Trying to craft a singular business message in a multicultural Chicago neighborhood

The Argyle section of Chicago’s Uptown neighborhood has residents from many different countries but wants to craft a coherent message to attract businesses:

Now, the two men and their neighbors have embraced a city-sponsored plan to promote the area with a broader name: Asia on Argyle.

“It really gives us a chance to showcase Argyle Street … and bring people to a very unique cultural destination within the city,” said Ald. Harry Osterman, whose 48th Ward represents the neighborhood.

The campaign is the city’s latest effort to brand neighborhoods beyond the downtown business district as commercial destinations for tourists and Chicagoans. The effort includes sprucing up Argyle’s appearance and opening a night farmers market that eventually would include Asian businesses.

Such branding strategies have worked for some neighborhoods like Greektown, Andersonville and Boystown. But others have spawned clashes as people of different cultural backgrounds disagree about how the neighborhood should be promoted. What’s more, if a neighborhood becomes too popular, gentrification can dislodge immigrant settlers…

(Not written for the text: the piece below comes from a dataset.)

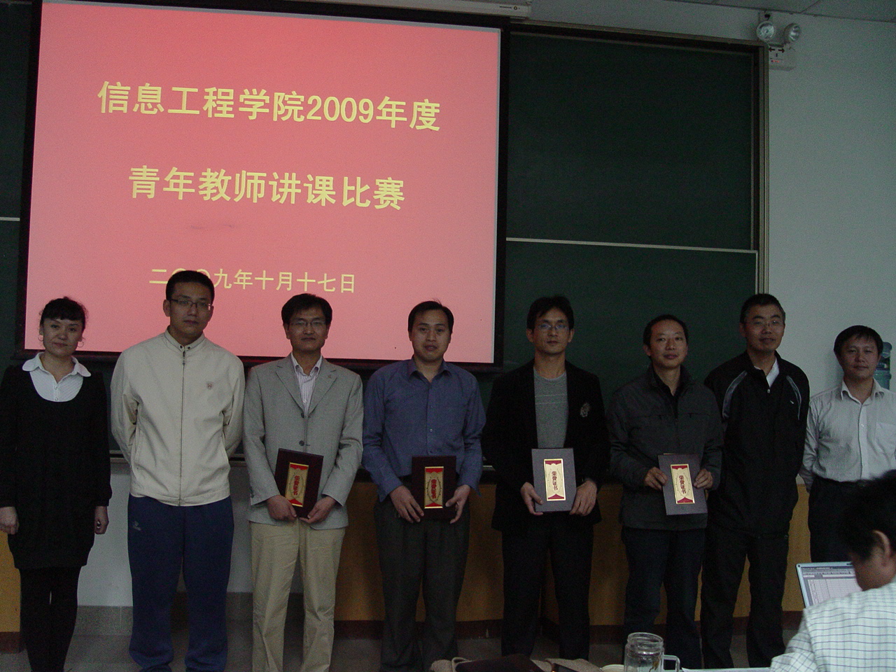 11月17日,公司2009年青年教师讲课比赛在多媒体教室2举行。大赛由副经理韩宏副教授主持。王莉等13名由系(部)初赛选拔出的青年教师参加了比赛。主持行政工作副经理李书琴教授、书记樊世明研究员、副经理韩宏副教授、软件工程系主任张阳老师、信管系主任任国霞老师、科学系主任耿楠老师、控制系马永老师、基础部主任陈勇老师及副主任孙健敏老师共9名老师担任了评委,未参赛的35岁以下青年教师观摩了比赛。

Argyle’s greatest asset, its diversity, has also presented some of its biggest challenges. Chinese immigrants were among the first newcomers to try to brand the neighborhood.

There are several things going on here:

1. The neighborhood may look to outsiders to have Asian residents but this is a broad category that comprises a number of different cultures and backgrounds. For example, immigrants from certain countries have different levels of education and income as well as unique social and religious practices.

2. Creating a singular pro-business approach is not just about internal coherence within a neighborhood but also appealing to a wider audience in Chicago and the region. It would be fascinating to get down to some numbers and see how many people might visit such a neighborhood and how it stacks up to other ethnically and socially known neighborhoods profiled in this article like Pilsen, Chinatown, and Boystown. Do you need a slogan? A logo? How unique does the neighborhood have to be?

3. One academic quoted in this story notes that we should ask who will benefit from new economic development and business in Argyle. The city of Chicago? Local residents? Real estate moguls? There are development and businesses choices to be made that move more towards the people of the neighborhood. It doesn’t necessarily have to be a zero-sum game where only one party can come out ahead but it is easy in such situations for people with power and investments to come out even better.